It is known that if there is a polynomial of degree $n$, $B_n(x)$, and a constant, $c$, such that,

$$W[B_n(x)]=c\cdot B_n(x) ,$$

then

$$c=\sum_{k=0}^n \binom{n}{k}Q_k^{(k)}.$$

The proof follows by simply equating the leading coefficients.

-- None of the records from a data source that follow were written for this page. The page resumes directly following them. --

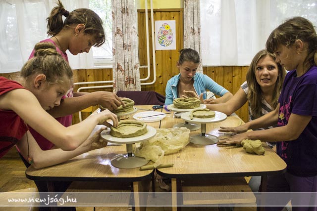 Dombovári Zita és Fabó Éva művésztanárok a hét első felében a tradicionális mesterségek közül a fazekasság, takács, ill. a kosárfonó mesterség alapjaival, míg pénteken a gyöngyfűzéssel, gyöngyszövéssel ismertetik meg a gyerekeket.
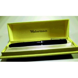 Stylo plume WATERMAN à levier, sac absent, plume or « WATERMAN’S – 18Cts – 2 –FRANCE » , couleur noir, marquage sur le clip et sur le corps « WATERMAN’S », dans son coffret, bon état général, longueur avec le capuchon : 133 mm, diamètre du corps : 12,5 mm, pour collection, sans garantie pour utilisation.
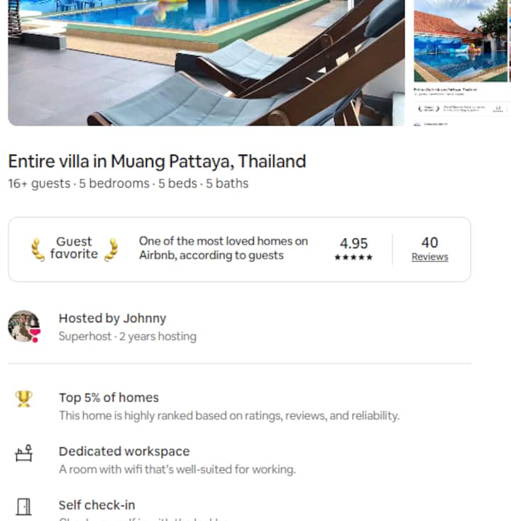 - Подходящи за семейства ваканционни жилища под наем в района на Pattaya
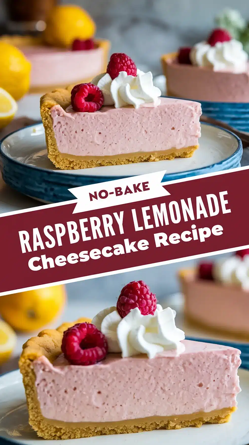 The No-Bake Raspberry Lemonade Cheesecake features a smooth and creamy filling made with cream cheese, whipped cream, and tangy lemonade, all nestled in a buttery graham cracker crust. The fresh raspberry topping adds a vibrant burst of flavor and color, making this dessert as pleasing to the eyes as it is to the palate.

We now ask the converse. Suppose we are given that,

$$c=\sum_{k=0}^n \binom{n}{k}Q_k^{(k)}.$$

Then must there exist a polynomial of degree $n$ such that

$$W[B_n(x)]=c\cdot B_n(x)\ \ \ \ \ ?$$

An affirmative answer to the question, would provide an ``if and only if'' condition for polynomial solutions for differential equations of this nature. More importantly an affirmative answer would indicate that if you have any linear operator on the space of polynomials,

$$T:=\sum_{k=0}^\infty Q_k(x)D^k$$

where $\deg(Q_k(x))\le k$ for every $k$. Then there would exist a sequence of eigenvalues, $\{a_n\}$, and eigenvectors, $\{B_n(x)\}$, such that,

$$T[B_n(x)]=a_n\cdot B_n(x),$$

for every $n$ in the natural numbers.

A simple explanation or reference would be great.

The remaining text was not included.